Updated: Nov 11, 2021
Despondent and a little broken, Marvin ambles through the front door of his den home and slouches over the kitchen counter. It is quiet and dark, and he is about to cry when Cherie appears next to him, her bags full with her afternoon shopping.
She spits and puts an arm on her husband’s shoulder. “Rough day, Marv?” she says, but Marvin gives no answer. He rubs his face with his two hands and sniffles. He has had a rough day, and Cherie’s meaningless chatter isn’t going to help him. Sensing this, Cherie shivers and gathers up her shopping before giving him a side-eye glance and leaving him to cool down.

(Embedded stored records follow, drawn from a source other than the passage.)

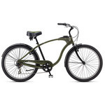 カップ ホルダー&ボトル オープナー付きパンサー■フレームサイズ:MEN'S(47.3cm)■タイヤサイズ:26インチ■適応身長:155〜185cmカラー:グリーン ■製品仕様フレーム SCHWINN クルーザー 26" アルミフレーム、カップ ホルダー&ボトル オープナー フォーク SCHWINN リジット スチールフォーク、1.1/8" フロントハブ アルミボディ、ナット式、36H リアハブ アルミボディ、ナット式、36H スポーク 14G ステンレス タイヤ SCHWINN クルーザー、26"X2.25"、米式バルブ リム アルミ、36H ボトム ブラケット アメリカンタイプ クランク ワンピース、46T、165mm チェーン KMC Z51 ペダル SCHWINN ボウタイ ヘッドセット スレッド、1.1/8" ハンドルバー クルーザー スチール、幅 700mm ステム アルミ クイル、25.4mmバークランプ、突き出し 100mm ブレーキ アルミ リニアプル ブレーキ レバー SCHWINN アルミ リア ディレーラー SHIMANO ターニー シフター SRAM MRX、グリップシフト リア スプロケット SHIMANO ターニー、14-34T、7スピード サドル SCHWINN クルーザー スプリング シートポスト スチール、27.2mm その他 フェンダー、センタースタンド 重量 17.1kg ■注意事項基本的には、組み立てた状態で発送いたします。梱包の都合により付属の工具で簡単な調整(ハンドルの固定等)をしていただく場合があります。あらかじめご了承くださいますよう、お願いいたします。*乗車前には、必ず点検をお願い致します。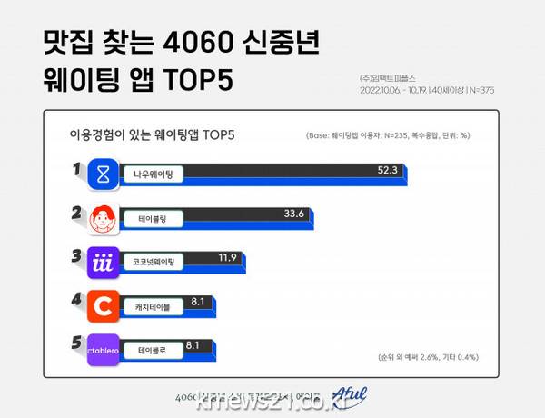 4060 신중년 ‘이용 경험이 있는 웨이팅 앱(복수 응답)’ 1위는 나우웨이팅(52.3%)이 차지했다. 나우웨이팅은 동일 조사 항목 중 ‘이용 경험이 있는 웨이팅 앱 중 가장 만족도가 높은 앱(48.1%)’으로 지목되기도 했다.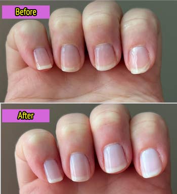 Promising reviews: "Highly impressed and satisfied with purchase. I've been a nail biter my entire life. I recently stopped biting a little over three months ago, and while I've been pleased overall with the growth, I've found that my natural nails have many imperfections. For instance, I have splinter hemorrhages, as well as white horizontal lines (aka Beau's lines) on every single nail on all 10 fingers, and the tips are transparent. But this polish literally disguises all of that. I'm so so grateful to have found it." —Kourtnee amos

That night, after a fit of hysteric, urgent lovemaking, Marvin and Cherie snuggle. Nuzzling, they become one, and Cherie tries again. “You know I don’t hold it against you, Marv,” she says. “We’ve got plenty already, and—”
“I know that!” Marvin interrupts. “Don’t you think I know that?” He leaps out of bed and scampers off, out into the cold November night.

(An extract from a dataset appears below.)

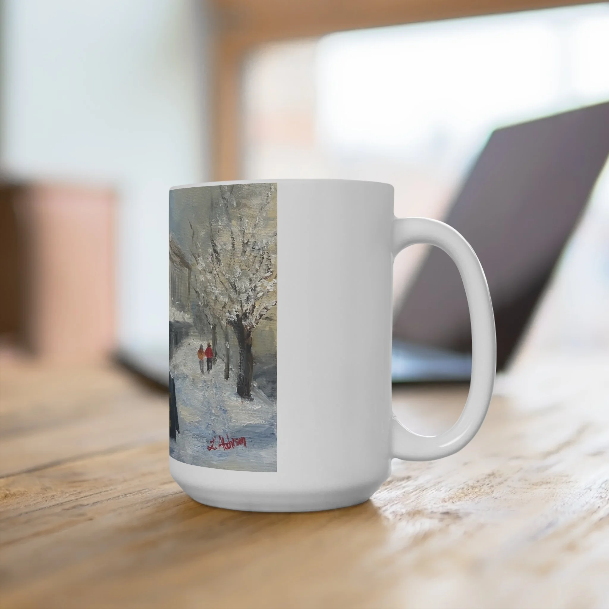 Warm-up with a nice cuppa out of this customized ceramic coffee mug. Printed with my "Listen to the Snow", a wintery downtown view of Granville. It will add a cozy feel to your morning routine.

When morning comes, it finds him on the highest branch of the tallest tree he could find. Panting, he sits, eyeing the end of it all. He is not a flying squirrel, but he’s thinking he’ll be one today. He stands on his haunches and is preparing to jump when who but Cherie, from far below, shrieks.
“Don’t you do it, Marv!” she says. “Don’t you go leaving me alone!”
Enraged, he shouts back. “I can’t do it, Cherie! I can’t do it anymore!”
Cherie is surprised, but she knows exactly what he’s talking about.
*flashback to the moment they first met*
Marvin to Cherie, over coffee: “I just don’t like having nuts in my mouth.”
*flashback ended*
Cherie thinks on her feet and has an epiphany she should have had ages ago. “Then don’t!” she says.
“Don’t what?”
“Don’t put the nuts in your mouth!”
This frustrates Marvin, who has obviously thought of this thousands of times already. “Then where will I put them?” he shouts, annoyed.
“Up your ass!” Cherie answers.
Marvin sighs angrily. “Cherie! The moment I put a nut in my ass, it’ll break! How’s that going to work if all I do is bust my nut all day?”
Cherie hadn’t thought of that.
Though to be fair, Cherie hadn’t thought of anything. She’s a goddam squirrel for Chris-sake, with a three-quarter-ounce brain. Under the cognitive weight of Marvin’s question, she blinks, forgets everything, and skitters off.
Marvin, atop the tree, leaps. When he hits the ground, he gets up and skitters off too. Squirrels can survive their own terminal velocity, after all.